Book Review: Lion of the Sun by Harry Sidebottom

And so onto the third book in the Warrior of Rome series featuring the very real historical figure of Ballista, an officer in the third century Roman army, a man of Germanic birth sent to defend the eastern borders against the growing threat of the Sassanid empire.

Ballista and the Emperor Valerian are in a bit of a pickle. Betrayed by Macrianus the Lame, they are captured by Sassanid forces and sent before Shapur himself. As the story begins, Valerian has been forced to prostrate himself before The King of Kings and Ballista is sworn to an oath that he must break if he is to see his family again and assist Valerian in taking back his empire.

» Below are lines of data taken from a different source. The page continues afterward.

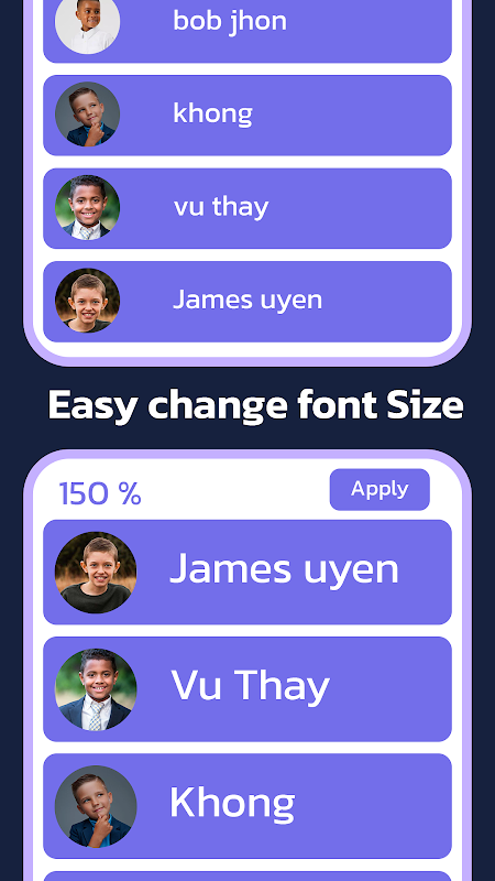 फ़ॉन्ट आकार बदलें और डिस्प्ले आकार बड़ा करें, सभी लोगों को सभी एंड्रॉइड डिवाइसों में टेक्स्ट को अधिक आसानी से और तेज़ी से पढ़ने में मदद करने के लिए एक निःशुल्क बड़ा फ़ॉन्ट एप्लिकेशन विकसित किया गया है।
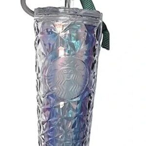 Iridescent cold cup ornament key chain by Starbucks. Features a shimmering design.
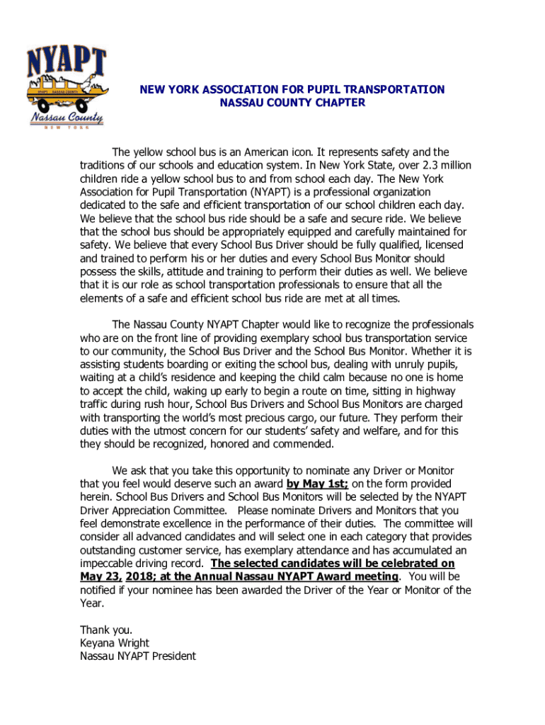 This document outlines the nomination process for the Driver of the Year and Bus Monitor of the Year awards established by the Nassau County Chapter of the New York Association for Pupil Transportation (NYAPT). It emphasizes the importance of school bus drivers and monitors in ensuring the safety and welfare of students and provides guidance on submitting nominations for candidates who exhibit exceptional service and dedication.
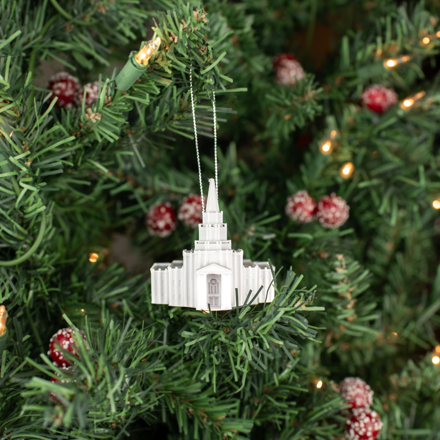 Material: Each temple ornament is meticulously 3D printed over 4 hours from Temple White PLA: a lightweight, but durable and renewable plastic.
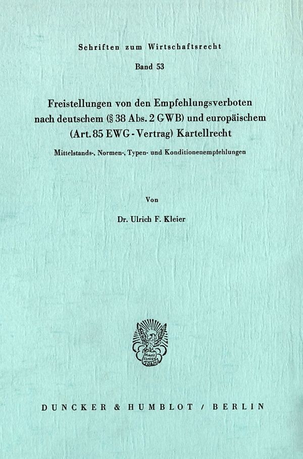 Freistellungen von den Empfehlungsverboten nach deutschem (§38 Abs. 2 GWB) und europäischem (Art.85 EWG-Vertrag) Kartellrecht.
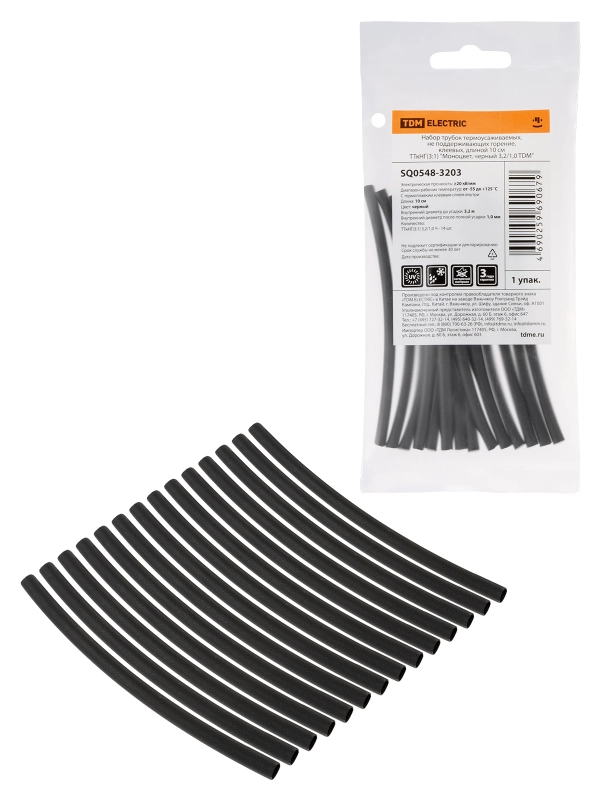 TDM Набор трубок термоусаживаемых, клеевых "Моноцвет, черный 3,2/1,0"

He is reminded of another oath that he broke many years before, one that is covered at the beginning of the first book.

I was disappointed with the second book, though I appreciated the character development I felt that the plot at times appeared direction-less. That’s not to say that it was a bad book – it wasn’t. I also appreciate that the second book in any series is always going to be difficult. They tend to focus more on exploring characters and if the author is still getting to grips with his characters and his universe then they can sometimes come across as disjointed.

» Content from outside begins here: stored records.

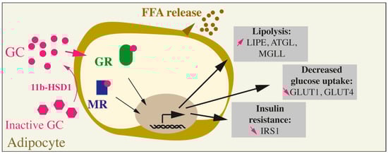 Effects of GC on adipocytes. Inactive GC are activated through the action of the specific enzyme 11b-HSD1. GCs can then bind to their receptors (GC receptor, or GR) or to the mineralocorticoid receptor (MR). The overall action of GCs on mature adipocytes leads to an increase in lipolysis (augmented LIPE, ATGL, and MGLL), a decrease in glucose uptake (decreased GLUT1 and GLUT4) and insulin resistance (reduced IRS1).
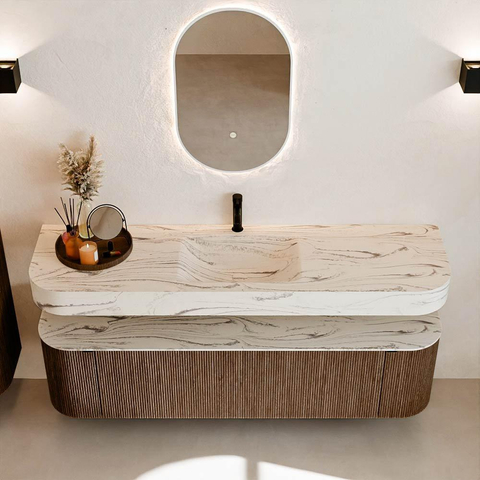 Boven het meubel zweeft een bijpassende, vrij hangende wastafel met afgeronde hoeken – perfect afgestemd op de vorm van de kast. De wastafel is uitgevoerd in Solid Surface en volgt subtiel de lijnen van het onderliggende meubel, waardoor een harmonieus geheel ontstaat. Het Solid Surface topblad vormt een sterke, onderhoudsvriendelijke basis en maakt de combinatie compleet.
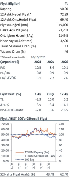 2025 yılı beklentilerinde yukarı revizyon. Güçlü 9A25 performansının ardından Türk Telekom, 2025 yılı FAVÖK marjı hedefini %41’den %41,5’e yükseltti; %10 reel gelir büyümesi ve %29 yatırım harcaması/satış oranı beklentilerini ise yıl sonu enflasyon varsayımı %29 ile değiştirmeden korudu. 9A25 operasyonel gelir artışının %12,7 seviyesinde gerçekleşmesi yukarı yönlü potansiyele işaret etse de, yönetim 4Ç enflasyon görünümü ve yüksek baz etkisi nedeniyle temkinli yaklaşımını sürdürüyor. Yatırım harcaması yoğunluğunun 4Ç25’te artması bekleniyor.
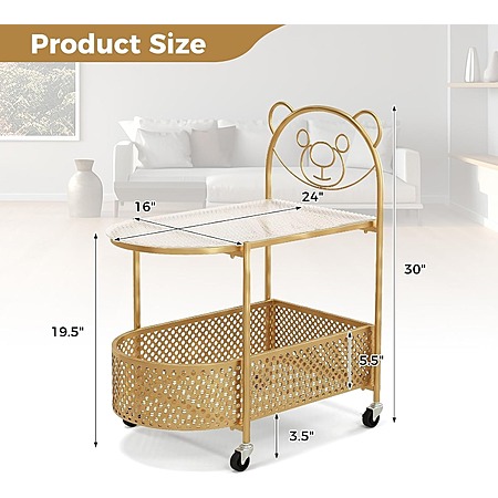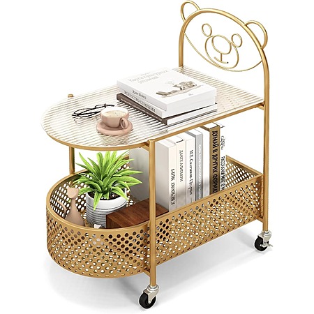 Giantex 2-Tier Bear Coffee Table Cart w/ Tempered Glass Tabletop & Storage Basket (Golden or White) $27 + Free Shipping

In the third of what is expected to be a 12 book series, the author has fused the best elements of the first two books and created a rather solid piece of work. It has all the gripping action of the first, including some well illustrated battle scenes, strong characterisation and integrated with historical asides that slot nicely into the narrative and dialogue (not always an easy trick to pull off and considering the author is an academic he gets a double thumbs up).

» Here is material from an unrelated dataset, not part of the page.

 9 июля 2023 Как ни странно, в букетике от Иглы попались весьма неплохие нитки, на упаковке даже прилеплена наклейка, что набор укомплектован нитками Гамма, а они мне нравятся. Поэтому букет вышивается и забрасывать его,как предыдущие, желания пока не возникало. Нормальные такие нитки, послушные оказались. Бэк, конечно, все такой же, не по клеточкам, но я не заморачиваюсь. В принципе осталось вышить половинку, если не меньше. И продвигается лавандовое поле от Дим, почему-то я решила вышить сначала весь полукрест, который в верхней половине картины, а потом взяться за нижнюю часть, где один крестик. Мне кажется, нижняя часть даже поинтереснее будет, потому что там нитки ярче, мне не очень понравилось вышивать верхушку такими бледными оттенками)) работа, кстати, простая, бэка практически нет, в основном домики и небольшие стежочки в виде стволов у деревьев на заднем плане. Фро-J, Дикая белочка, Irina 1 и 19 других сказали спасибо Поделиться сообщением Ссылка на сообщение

Again his expertise on the period is used to good effect. As a Professor of History, Sidebottom knows how to apply research to what is a sparse period of documentary evidence for the Roman empire (the third century crisis) a time when Rome is threatened from within and without and there is a sense of unease at the growing cult of Christianity within Roman borders.

Overall I am enjoying this series and looking forward to the paperback release of the fourth book The Caspian Gates this summer.